• [ABOUT THIS EXERCISE]: Make an exact copy, from the records below, of the lines from the line containing "Neymar llegó al" to the line containing "وعدو هنا بمعنى", both lines included, excluding pictures.

• [DATA TO USE]:
----

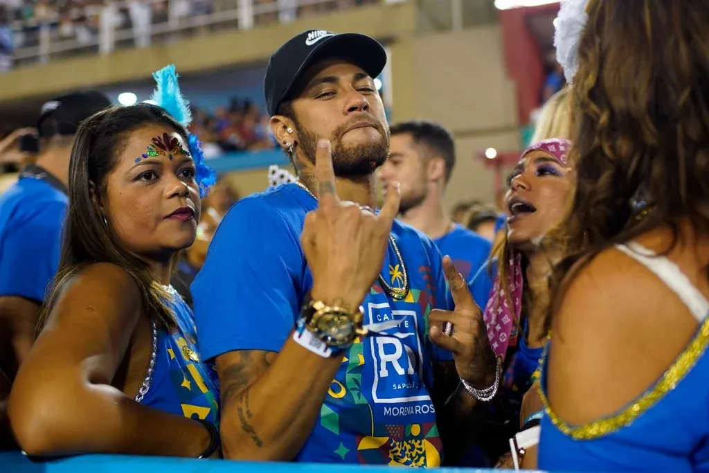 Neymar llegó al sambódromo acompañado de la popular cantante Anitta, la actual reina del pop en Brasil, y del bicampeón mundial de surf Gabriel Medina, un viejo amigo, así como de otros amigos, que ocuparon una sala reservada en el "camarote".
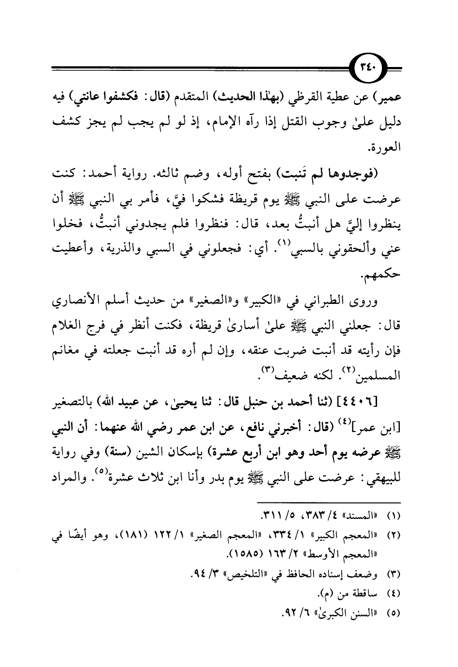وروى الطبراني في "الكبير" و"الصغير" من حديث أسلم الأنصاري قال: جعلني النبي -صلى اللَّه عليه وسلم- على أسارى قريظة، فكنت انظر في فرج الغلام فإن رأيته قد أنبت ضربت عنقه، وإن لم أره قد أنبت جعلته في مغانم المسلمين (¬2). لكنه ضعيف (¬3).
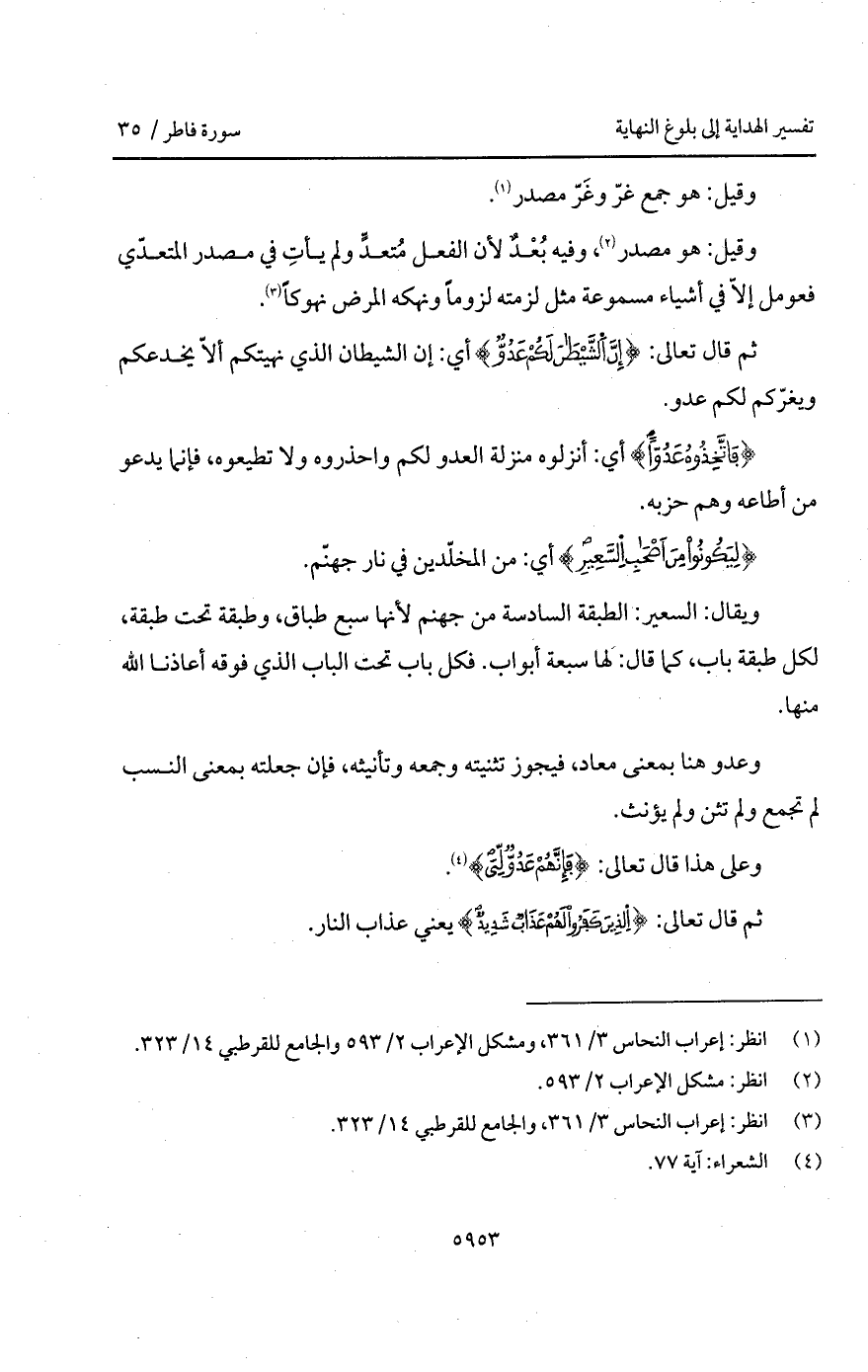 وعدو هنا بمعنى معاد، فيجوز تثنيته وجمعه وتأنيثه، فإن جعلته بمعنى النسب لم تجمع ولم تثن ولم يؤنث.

----

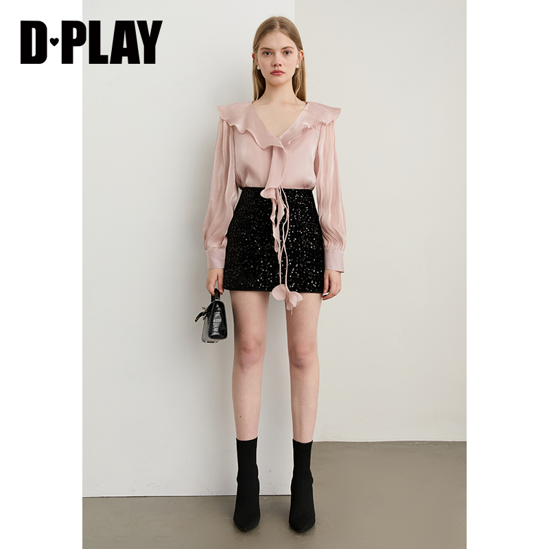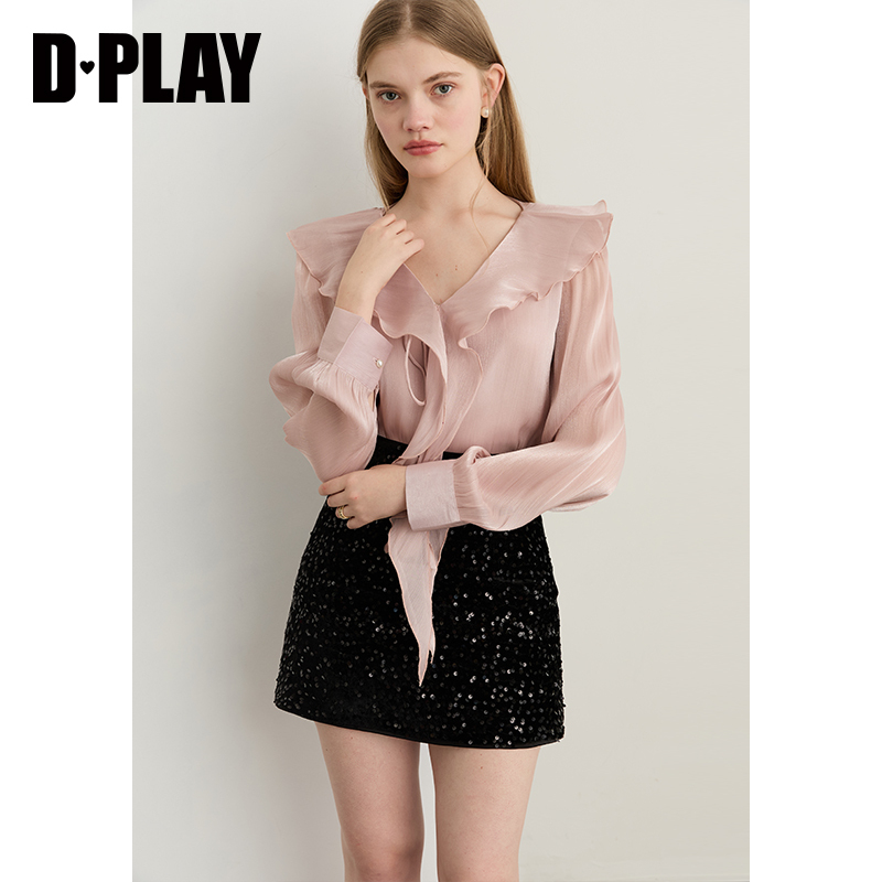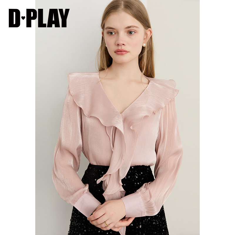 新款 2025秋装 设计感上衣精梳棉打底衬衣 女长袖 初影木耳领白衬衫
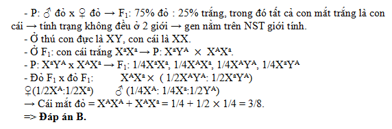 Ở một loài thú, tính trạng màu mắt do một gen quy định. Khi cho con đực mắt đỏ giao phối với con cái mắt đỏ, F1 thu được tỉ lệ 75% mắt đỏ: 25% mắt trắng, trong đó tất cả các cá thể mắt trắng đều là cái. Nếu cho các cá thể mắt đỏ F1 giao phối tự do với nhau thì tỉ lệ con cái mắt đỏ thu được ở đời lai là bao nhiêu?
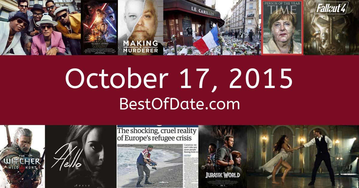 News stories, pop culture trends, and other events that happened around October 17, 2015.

----

• [RESPONSE TO THIS EXERCISE]:
 Neymar llegó al sambódromo acompañado de la popular cantante Anitta, la actual reina del pop en Brasil, y del bicampeón mundial de surf Gabriel Medina, un viejo amigo, así como de otros amigos, que ocuparon una sala reservada en el "camarote".
وروى الطبراني في "الكبير" و"الصغير" من حديث أسلم الأنصاري قال: جعلني النبي -صلى اللَّه عليه وسلم- على أسارى قريظة، فكنت انظر في فرج الغلام فإن رأيته قد أنبت ضربت عنقه، وإن لم أره قد أنبت جعلته في مغانم المسلمين (¬2). لكنه ضعيف (¬3).
 وعدو هنا بمعنى معاد، فيجوز تثنيته وجمعه وتأنيثه، فإن جعلته بمعنى النسب لم تجمع ولم تثن ولم يؤنث.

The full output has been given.